Recorded data
*****

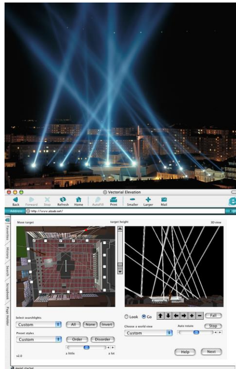
Fig. 3. Alzado Vectorial , 1999. Rafael Lozano-Hemmer. Extraída de la web del autor: http://www.lozano-hemmer.com/vectorial_elevation.php

Otra de las aportaciones fundamentales para la configuración de la ciudad, se la debemos a Marcos Novak, que en su búsqueda de ir más allá en la relación entre la arquitectura y la evolución tecnológica de los años 80, acuñó el término Transarquitectura para referirse a la arquitectura de la transmodernidad, en un intento por proveer una vía de discusión entre la telemática y las posibilidades arquitectónicas que se presentaban. Definición similar a lo que Virilio denominó capa permeable en el entorno urbano, pero con el añadido de la aparición de la red Internet y los avances en la computación. Así, el significado del término de Novak evolucionó hacia una arquitectura interesada en comprender el ciberespacio, su construcción digital por software y datos, y relacionada con los nuevos habitantes, los usuarios o sus avatares.
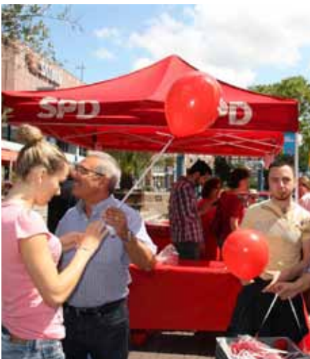
Publikumsmagnet in der Ludwigshafener Innenstadt ist das „Rote Frühstück“ der SPD Südliche Innenstadt.

Fünfmal im Jahr immer Samstags mit einem Themenschwerpunkt.
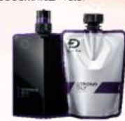
ストロングオイリー (超保湿肌用)
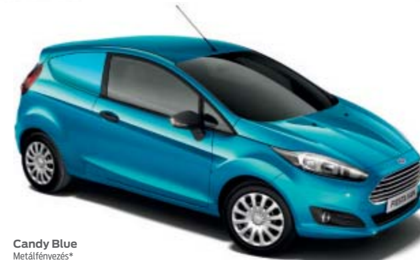
Candy Blue Metálfényezés*

*A metálfényezés feláron, választható jellemzőként rendelhető.
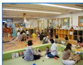
親子が楽しむ様子

就学前の子どもと保護者、子育て支援に取り組む人を支援します。区内には「かなーちえ」と昨年度オープンした「かなーちえサテライト」があります。
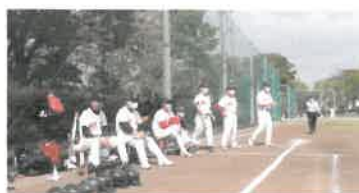
ベンチでも十分な距離を確保
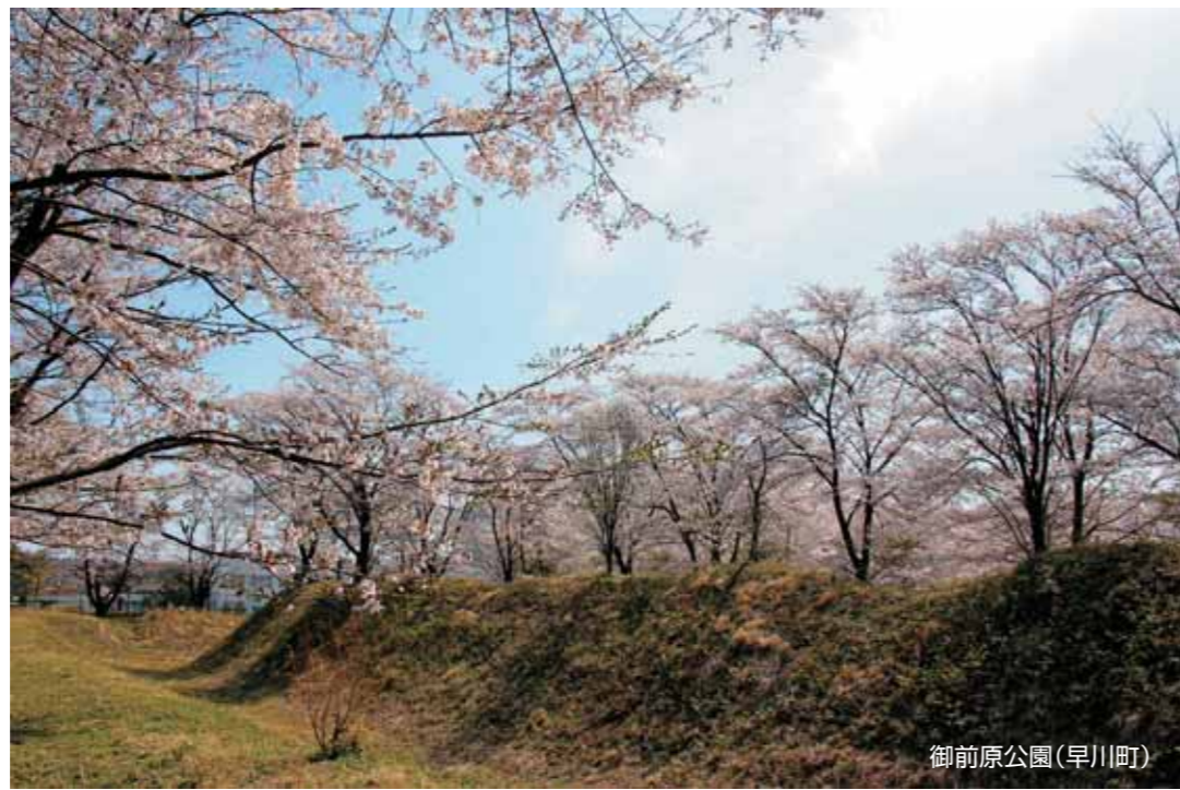
御前原公園(早川町)

*****

_EXERCISE_
Reproduce nothing but the lines from the line containing "Fünfmal im Jahr" through the last line of the data above, exactly as written and without pictures.

_RESPONSE TO THIS TASK_
Fünfmal im Jahr immer Samstags mit einem Themenschwerpunkt.
ストロングオイリー (超保湿肌用)
Candy Blue Metálfényezés*

*A metálfényezés feláron, választható jellemzőként rendelhető.
親子が楽しむ様子

就学前の子どもと保護者、子育て支援に取り組む人を支援します。区内には「かなーちえ」と昨年度オープンした「かなーちえサテライト」があります。
ベンチでも十分な距離を確保
御前原公園(早川町)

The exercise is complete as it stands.